Simion continuait de recharger son revolver (il avait besoin de se tenir prêt, des fois que Salazar ait des soucis avec son propre agresseur) mais il n'était nullement pressé alors qu'il regardait Rill se nourrir du marin mourant. Après un moment, le garçon se leva en soulevant le corps qui s'agitait faiblement et il le jeta par-dessus bord. Puis il se rendit près de Simion.

Simion mit le revolver dans sa ceinture et enlaça son amant en tapotant de façon apaisante le jeune vampire bouleversé.

« Là, Rill. Je vais très bien. »

Rill lui rendit son étreinte.

« Il allait te tuer.

- Oui, mais il n'avait aucune chance — pas avec toi pour me protéger.

- Ils ont tué le tzigane qui nous gardait, Simion. J'ai enjambé son corps.

- Il est mort comme il l'aurait aimé — en protégeant le maître et toi.

- Je sais, mais ça me rend quand même triste. L'un d'eux a enfoncé un couteau dans Sinn. »


Rill recula un peu et lança un regard écarquillé à Simion. Même si son expression montrait encore des traces de sa colère vampirique, cela le rendait innocent.

« Oh, il était tellement en colère. Tu aurais dû entendre les mots qu'il a employés.

- Il s'en remettra. »

Draculea s'approcha.

« Surtout que je l'ai laissé s'occuper de cet imbécile. J'en ai trouvé un autre mort près de l'écoutille. Mon fidèle Rom est mort mais il en a emmené un avec lui dans l'autre monde. »
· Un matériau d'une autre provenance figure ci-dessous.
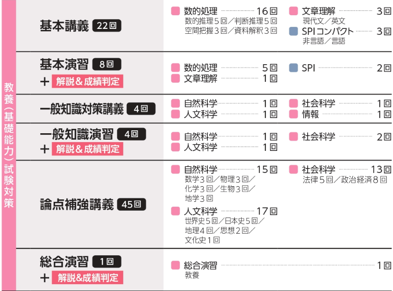 〈INPUT〉講義 重要科目を徹底講義で完全マスターほぼ全ての公務員試験で出題され、なおかつ出題数の多い重要科目で構成されているのが、基本講義です。講義⇒復習⇒問題練習⇒基本演習の流れで各科目を確実に攻略し、合格するための土台を築き上げます。 |
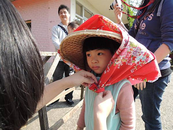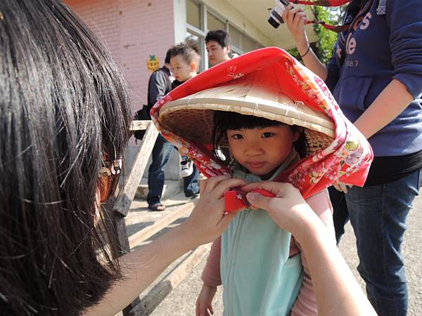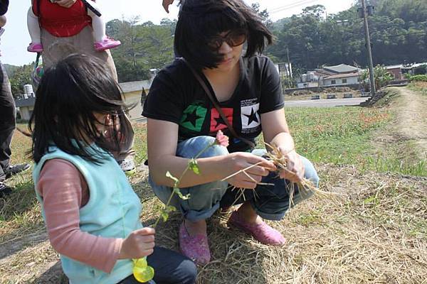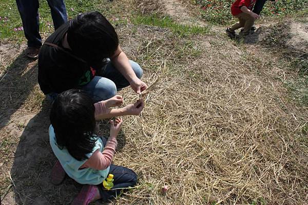 地上還有上一期收歌剩下來的稻稈,我們蹲下來作小掃把玩,
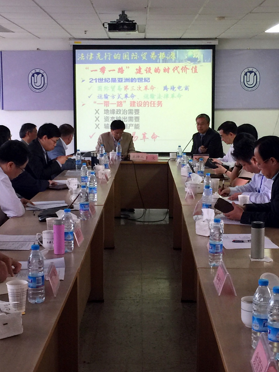 5月23日,由中国国际经济贸易法学研究会暨中国法学会国际经济法学研究会主办的“一带一路”及中国自贸区法治建设上海高层论坛在上海大学(宝山校区)举行。中国法学会国际经济法学研究会会长、澳门科技大学法学院院长沈四宝教授,中国国际经济法学研究会副会长、最高人民法院民四庭庭长罗东川等相关领导、专家、学者共50余人出席了本次论坛。我校法学院(海警学院)教师甘瑞丰、赵昭参加了论坛。
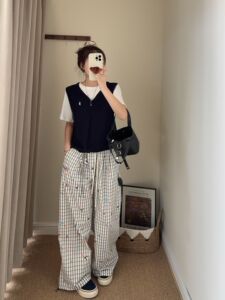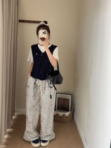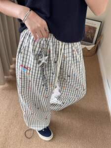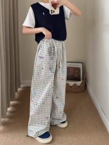 韩国东大门定制金属挂饰手绘星星格纹休闲裤女秋季新款宽松长裤
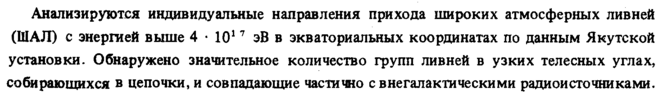 Анализируются индивидуальные направления прихода широких атмосферных ливней (ШАЛ) с энергией выше 4 · 1017 эВ в экваториальных координатах по данным Якутской установки. Обнаружено значительное количество групп ливней в узких телесных углах, собирающихся в цепочки, и совпадающие частично с внегалактическими радиоисточниками.
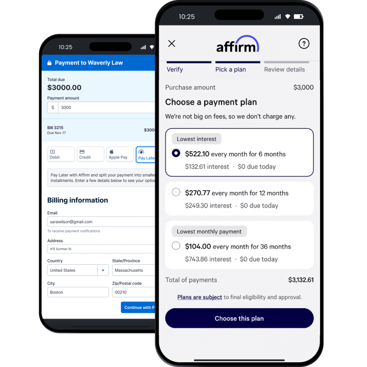 Pay Later is a financing solution by Affirm that lets you pay your legal fees in smaller, scheduled installments while law firms get paid the full amount upfront.
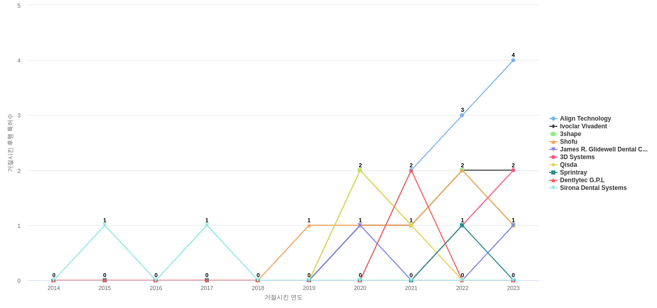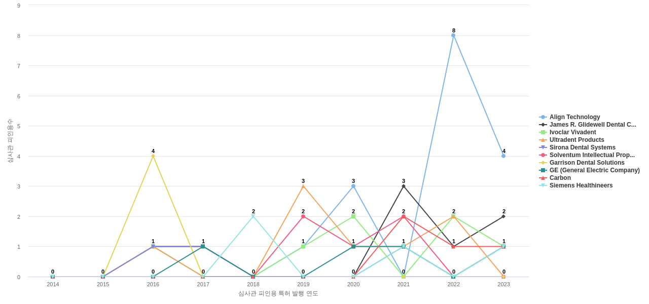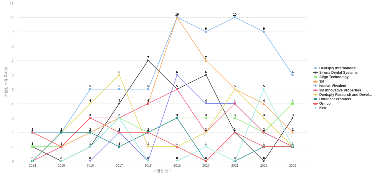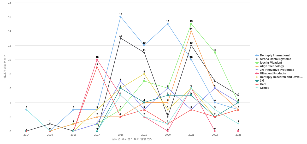 이 기업 보유 후행 특허가 참조하는 심사관 레퍼런스수가 많은 관련 기업에는 1위 Dentsply International(67회), 2위 Sirona Dental Systems(46회), 3위 Ivoclar Vivadent(45회) 등이 있습니다.
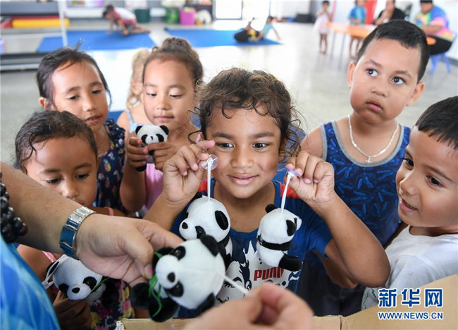 10月26日,在庫克群島首都阿瓦魯阿的阿皮尼考學(xué)校,幼兒園的孩子手拿來自中國的熊貓掛件。
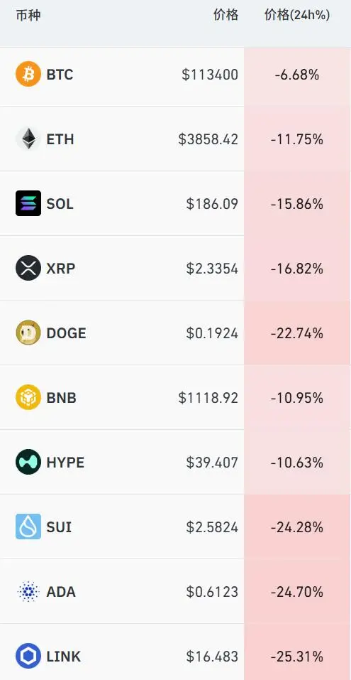 隔夜欧洲主要股指集体收跌,欧洲斯托克50指数跌1.69%,英国富时100指数跌0.87%,法国CAC40指数跌1.53%,德国DAX30指数跌1.68%,富时意大利MIB指数跌1.74%。加密货币全线大跌,比特币一度向下跌破110000美元,跌幅达9%,最近24小时全球共有近152万人爆仓,市场恐慌情绪蔓延。
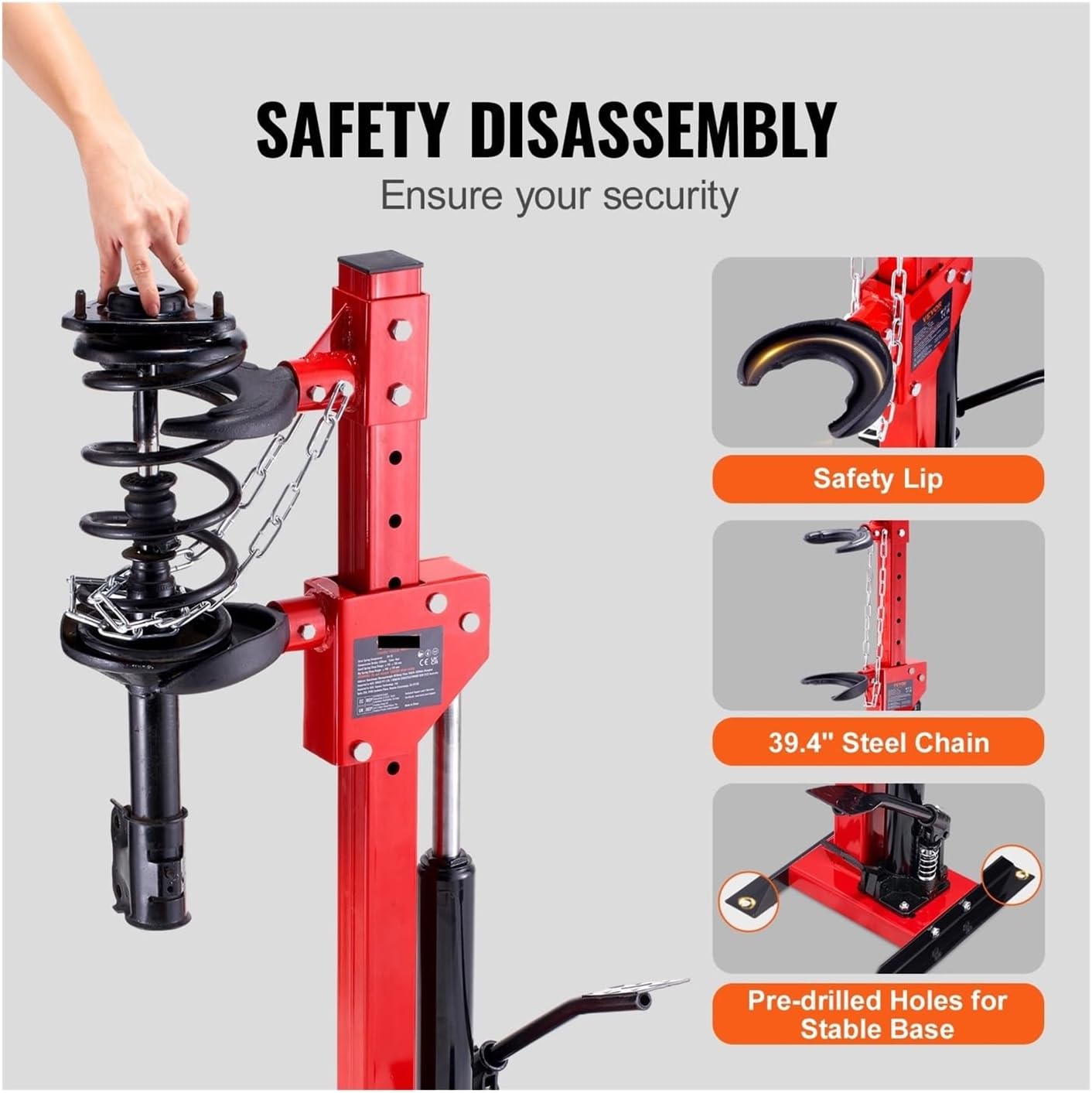 Your Solution for Efficient Spring Compression Work!Upgrade your suspension maintenance game with the power, versatility, and safety of our hydraulic spring compressor. Say goodbye to complications and risks say hello to efficiency and peace of mind.With exceptional load capacity and a wide compressible ran, our coils spring compressor effortlessly dismantles springs from motorcycles, cars, pickups, SUVs, and more. Enjoy the convenience of on-vehicle shock absorber spring removal, simplifying replacements and installations.To maximize safety during spring disassembly and assembly, we've integrated safety tongues, an extended safety chain, and a stable H-shaped base. These features ensure a secure operation, minimizing the risk of wobbling.The heat treatment process increases the hardness and gth of the entire product. High-quality hydraulic jacks and heavy, high-hardness steel protect against dama during long-term use, effectively improving safety.Hydraulic jack adopts strict anti-oil leaka hydraulic pump, long-term use is not easy to oil leaka failure, with damping hydraulic rod smooth lifting, not easy to t stuck, will not produce sudden rise and drop risk.Features & Details45 Ton Hydraulic Load Capacity The hydraulic jack has a 45 ton load capacity and the rated compression force is 1 ton Our coil spring compressor is great for various vehicle types, including sedans, SUVs, off-road vehicles, and pickup trucks. Perfectly suited for spring disassembly and shock absorber maintenance.Versatile Clamping Options: Our spring compressor comes with two clasps for the utmost versatility. The small spring clasp accommodates sizes from 4.3" to 5.1", while the big spring clasp caters to 5.5" to 6.7" sizes. With a maximum compression stroke of 12.6"/320 mm and featuring 8 positioning holes on the column, you can easily adjust the clasp position to match different spring heights.Stable Suspension: Prioritizing safety and convenience, our coil spring compressor features a stable suspension system that prevents bouncing due to spring tension. It halts at the current position and only descends slowly when you enga the pressure release valve.Safety Assurance: The strut spring compressor provides multiple-layered protection: a 39.4" extended safety chain to secure the springs, an additional stable locking mechanism, and a safety tongue on the clasp to prevent spring detachment accidents. The H-shaped stable base ensures minimal wobbling during operation. For added security, two pre-drilled holes allow you to anchor the compressor to the ground.Premium Material Construction: The hydraulic jack boasts a leak-proof hydraulic pump and a dampened hydraulic rod for seamless lifting and lowering. The Q235 reinforced steel column and the ductile cast iron clasps provide unparalleled durability to withstand extreme pressures, ensuring heavy-duty springs without risk of breaka or bending.

Salazar émergea du couloir en ressuyant son couteau sur sa chemise. Il fit :

« L'un de vous a tué le propriétaire du bateau ? « 
Quand ils secouèrent tous la tête, il fit :

« Alors ils l'ont tué aussi. Peu importe qui nous tuons, nous leur épargnons la potence. »


Sinn les rejoignit en sortant de la pluie.

« J'étais tellement en colère que je n'ai pas pu pleinement apprécier. J'ai jeté ce qui restait par-dessus bord — j'espère que cela ne vous gêne pas.

- Non, c'est très pratique, fit Draculea. Laissez-moi réfléchir — un dans la cale, un près de la cale, le tien, Rill, et le tien, Salazar. Il y avait un équipage de cinq personnes, plus le propriétaire. Cela nous laisse encore une personne. »

Il regarda devant lui.

« Je suppose qu'il dirige le navire. Simion, nous sommes à quelle distance de la terre ferme ?

- Je ne sais pas, Domn, mais nous devions arriver à bon port ce matin. »


Il sortit une montre de sa poche et regarda l'heure.

« Nous devrions arriver bientôt en vue des terres — si nous pouvons voir quoi que ce soit.

- Que penses-tu de notre pilote ?

- Il était dans le coup, » fit platement Simion.

Salazar acquiesça.

« Il ne nous a peut-être pas attaqués mais il n'a rien fait pour nous prévenir ou pour empêcher ce qu'il savait être un meurtre. Non, il avait prévu de partager le butin.

- Alors il mourra comme les autres, » fit Draculea.

Il tourna le regard vers la passerelle.

« Le tout est de savoir quand. »

D'un commun accord, sans autre mot, ils se dirigèrent tous lentement vers la passerelle.